Fiske regarded it as the word of God, Holy Writ, expressed often vaguely, mystically, and in the language of poetry and symbol, but true when rightly understood.
And so John Fiske throughout his life spoke in orthodox pulpits to the great delight of Christian people, and at the same time wrote books on science and dedicated them to Thomas Huxley, Bishop of all Agnostics.
To the scientist the word "supernatural" is a contradiction. Everything that is in the Universe is natural; the supernatural is the natural not yet understood. And that which is called the supernatural is often the figment of a disordered, undisciplined or undeveloped imagination.
Simple people think of imagination as that quality of mind which revels in tales of fairies and hobgoblins, but imagination of this character is undisciplined and undeveloped. The scientist who deals with the sternest of facts must be highly imaginative, or his work is vain. The engineer sees his structure complete, ere he draws his plans. So the scientist divines the thing first and then looks for it until he finds it. Were this not so, he would not be able to recognize things hitherto unknown, when he saw them; nor could he fit fact to fact, like bones in a skeleton, and build a complete structure, if it all did not first exist as a thought.

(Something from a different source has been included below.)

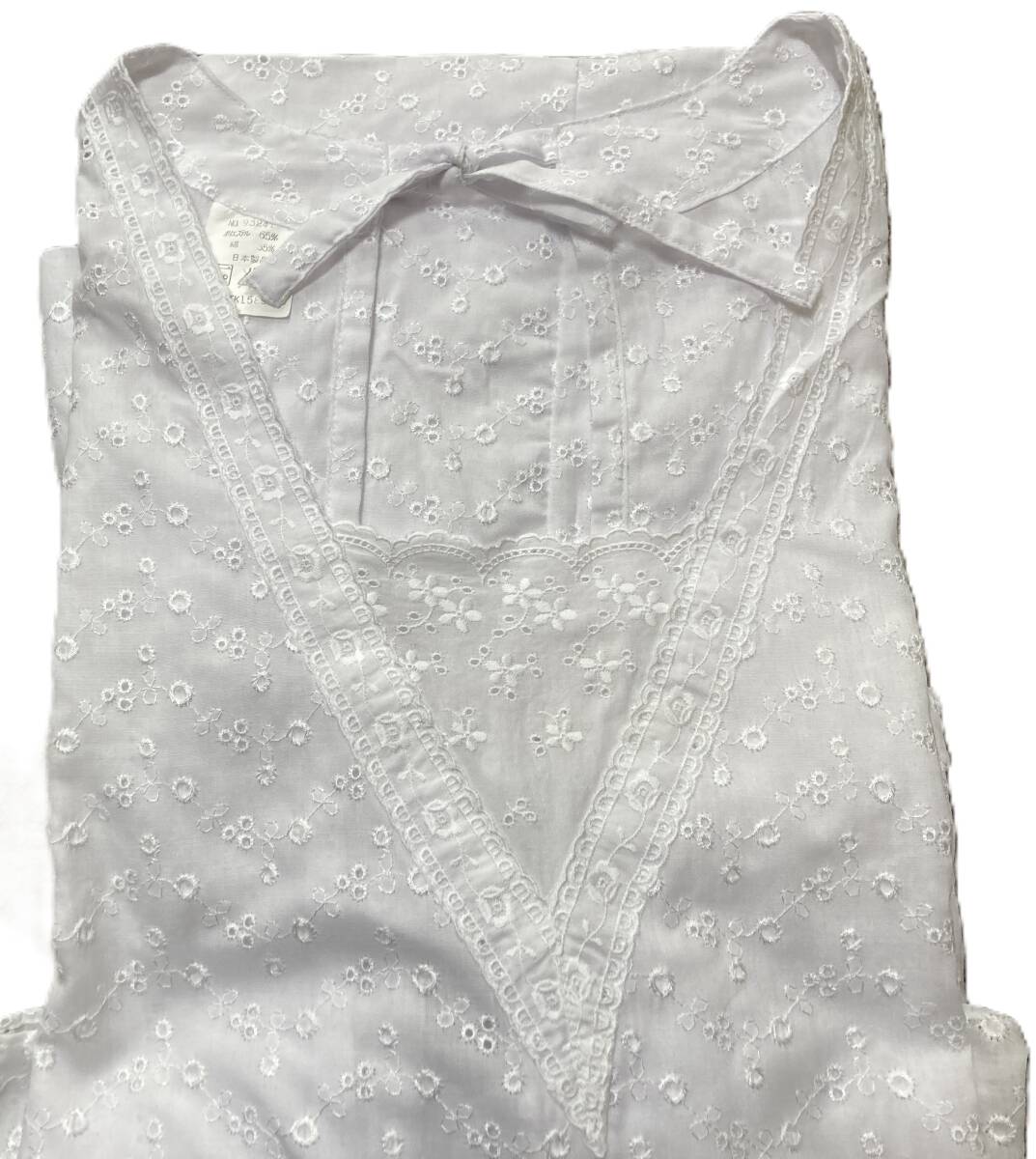 中古品★送料無料・レース生地で丈長の素敵なエプロン★ 白 ★ クリーニング済

To reprove and punish children for flights of imagination, John Fiske argued, was one of the things done only by a barbaric people.
Children first play at the thing, which later they are to do well. Play is preparation. The man of imagination is the man of sympathy, and only such are those who benefit and bless mankind and help us on our way.
John Fiske had imagination enough to follow closely and hold fellowship with the greatest minds the world has ever known. John Fiske believed that we live in a natural universe, and that God works through Nature, and that, in fact, Nature is the spirit of God at work.
Doubts never disturbed John Fiske. Things that were not true technically and literally were true to him if taken in a spiritual or poetic way. God, to him, was a personal being, creating through the Law of Evolution because He chose to. The six days of Creation were six eons or geological periods.
No man has ever been more in sympathy with the discoverers in Natural History than John Fiske. No man ever knew so much about his work as John Fiske. His knowledge was colossal, his memory prodigious. And in all of the realm of science and philosophy, from microscopy and the germ theory to advanced astronomy and the birth of worlds, his glowing imagination saw the work of a beneficent Creator who stood above and beyond and outside of Natural Law, and with Infinite Wisdom and Power did His own Divine Will.
Little theologians who feared Science, on account of danger to pet texts, received from him kindly pats on the head, as he showed them how both Science and Scripture were true.